Mas os Estranhos eram, como eu pude então perceber, pelo menos parecidos com humanos. Talvez humanos até! Mas como?

Permancemos ali, olhando para eles por quase meia hora. Não havia sentido no que faziam, no que diziam. Aos poucos o medo de que nos vissem foi passando, substituído pela impressão de que não nos veriam nem se deixássemos uma bomba na Catedral. Por fim, enjoado daquilo, puxei Madalena pela mão e saímos da praça.

Descemos de novo pela longa escadaria e passamos em frente à Prefeitura, em cuja fachada, pendurada como um corte de carne no açougue, estava imóvel e úmida, sem oscilar um milímetro no ar parado da noite, uma rota e suja Bandeira Nacional. Saudei o sofrido Pavilhão Auriverde com saudades do que ele representara, mas o que ali estava era o cadáver de um ideal antigo.

Quando já nos sentíamos totalmente perdidos, vimos uma luz brilhar na escuridão. Era uma luz pequena e rútila, que mal conseguia se filtrar por cortinas escuras e gretas, uma luz presa num porão. Procuramos em torno do prédio até acharmos uma porta. Com certa facilidade Madalena a abriu usando alguma coisa que extraiu de sua cabeleira, demonstrando habilidades que eu não conhecia.

Entramos pisando com leveza, tentando não acordar nenhum espírito do local, mas foi uma precaução quase desnecessária diante do ruído incessante que perpassava os corredores daquele prédio.

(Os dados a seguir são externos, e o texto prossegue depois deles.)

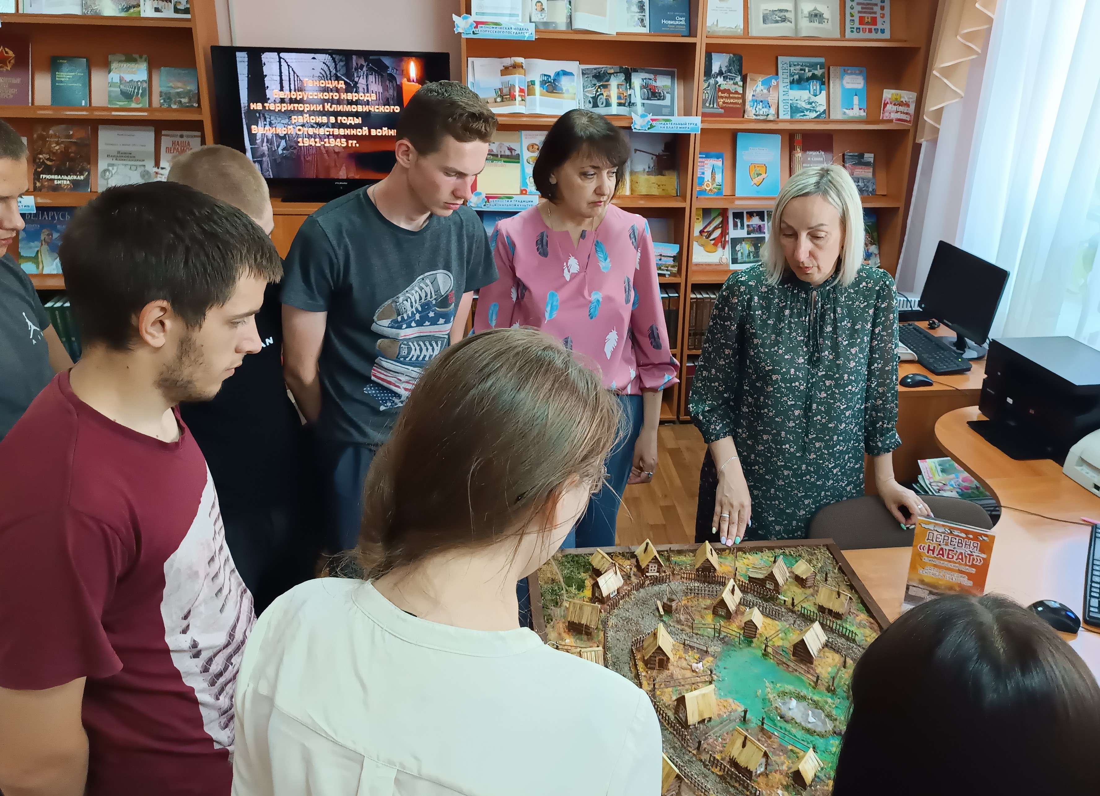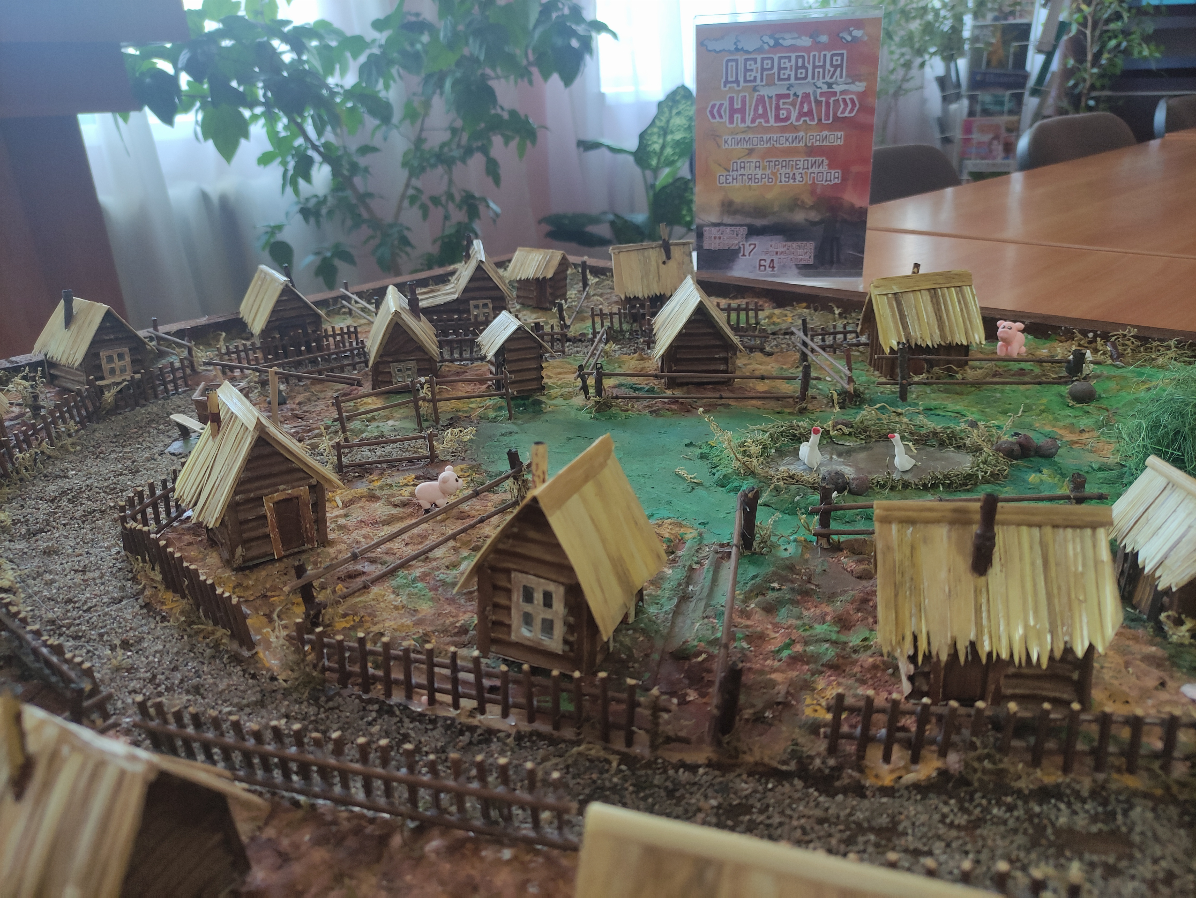Состоялся просмотр электронной презентации посвященной теме геноцида белорусского народа на территории Климовичского района в годы Великой отечественной войны, а также вниманию присутствовавших был представлен макет сожженной деревни «Набат» (Климовичский район), подготовленный в центре дополнительного образования детей и молодежи.

O local havia sido uma escola, conforme me lembrava vagamente. Longos corredores cheios de eco, ladeados de portas que se sucediam como as notas de uma flauta, terminando em uma sombra sinistra, onde nenhuma estava aberta, mas apenas gretas de luz filtravam por ao rés do chão. Em condições normais, teríamos medo. Mas a certeza da morte nos havia despido disso. Tínhamos apenas cuidado e curiosidade.

A porta da primeira sala estava aberta. A luz que víramos não era de nenhuma espécie de lâmpada ou artefato de intenção semelhante. Provinha do zumbido de uma complexa aparelhagem de vidro e metal, que era manipulada com uma vagareza terna por mãos pálidas e magras, que saíam de albornozes escuros.

Havia vários dos Estranhos naquela sala, cumprindo tarefas diversas, todas de alguma forma girando em torno do misterioso maquinismo. Todos estavam completamente cobertos pelas roupas negras, todos tinham pesadas máscaras cobrindo suas faces, como a proteger-se da toxicidade daquela luz que nos atraíra. Olhando melhor, tive a impressão de que a palidez daquelas mãos não era natural, era do material com que haviam feito luvas, também para guardar-se dos efeitos daquele aparelho.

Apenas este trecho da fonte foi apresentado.